Add cluster-health-check command to openshift plugin #108

ropatil010 · 2025-10-31T07:05:13Z

Hi Team,

Can you PTAL.
PR about to check cluster health and report the error in text file.

🤖 Generated with [Claude Code](https://claude.com/claude-code) Co-Authored-By: Claude <[email protected]>

openshift-ci · 2025-10-31T07:05:25Z

Hi @ropatil010. Thanks for your PR.

I'm waiting for a github.com member to verify that this patch is reasonable to test.

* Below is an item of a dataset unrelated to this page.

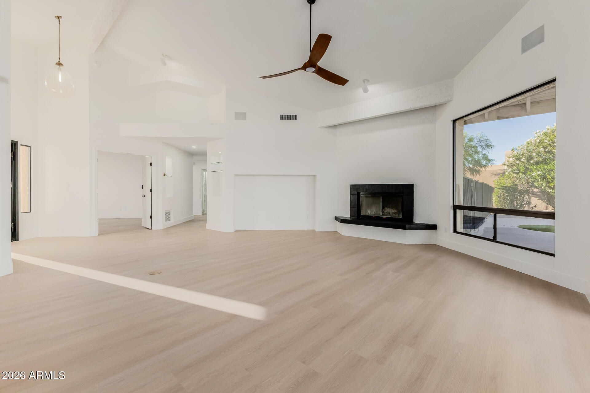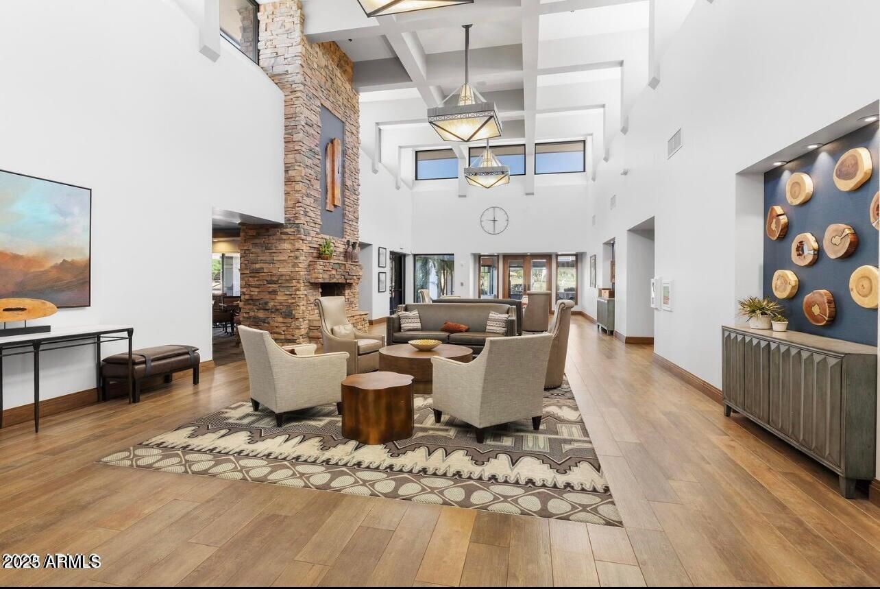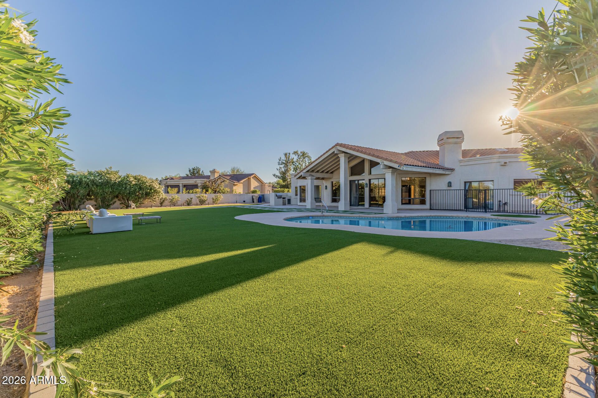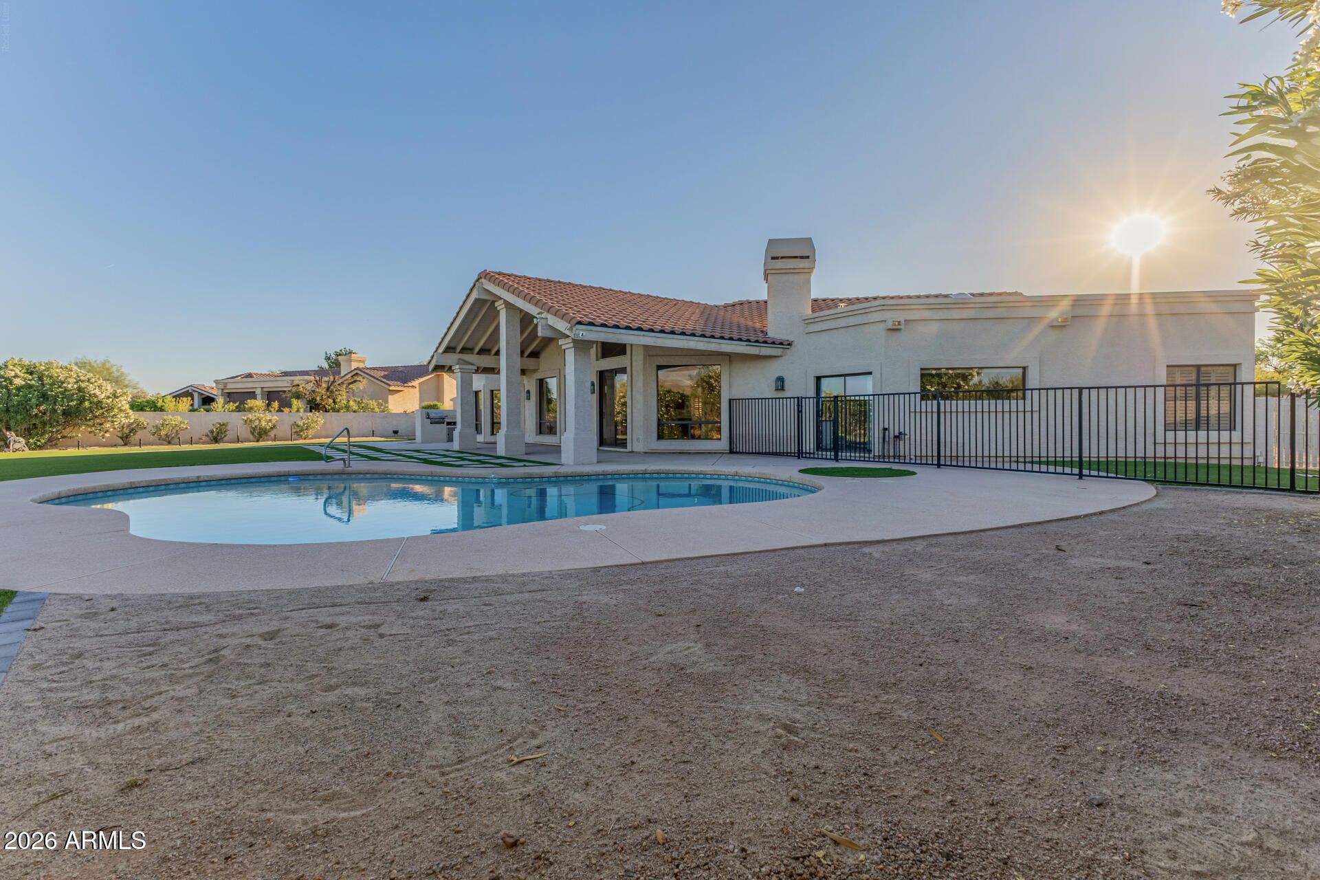 Beautifully updated home in desirable Rio Verde Golf Community! This stunning property on an expansive, privately fenced lot features resort-style living with a saltwater pool, pet-friendly turf, travertine pavers, and spacious covered patio. A gated front courtyard with turf leads to a bright, open-concept interior showcasing vaulted ceilings, wood beam accents, and panoramic backyard and mountain views. Recently enhanced with a full interior remodel, the home now features brand-new wood-look flooring throughout, all-new interior paint, and beautifully upgraded kitchen and baths with solid white oak cabinetry, sleek quartz countertops, and a stainless steel appliance package. Offering 4 spacious bedrooms, 2.5 baths, and a versatile split floor plan, perfect for visitors. Additional highli highlights include a 2.5-car garage, modern finishes, and impressive indoor-outdoor flow. A true gem offering comfort, style, and privacy in a peaceful golf course setting.

If it is, they should reply with /ok-to-test on its own line. Until that is done, I will not automatically test new commits in this PR, but the usual testing commands by org members will still work. Regular contributors should join the org to skip this step.

Once the patch is verified, the new status will be reflected by the ok-to-test label.

I understand the commands that are listed here.

Instructions for interacting with me using PR comments are available here. If you have questions or suggestions related to my behavior, please file an issue against the kubernetes-sigs/prow repository.

ropatil010 · 2025-10-31T07:06:01Z

Report.txt

===============================================
OpenShift Cluster Health Check Report

Cluster Type: OpenShift
Cluster Version: 4.21.0-0.nightly-2025-10-30-125804
Check Time: 2025-10-31 12:15:00
Region: us-east-2 (AWS)
Cluster Age: ~2 hours old

===============================================
SUMMARY

✅ Critical Issues: 0
⚠️ Warnings: 4
ℹ️ Informational: Multiple startup events (expected for new cluster)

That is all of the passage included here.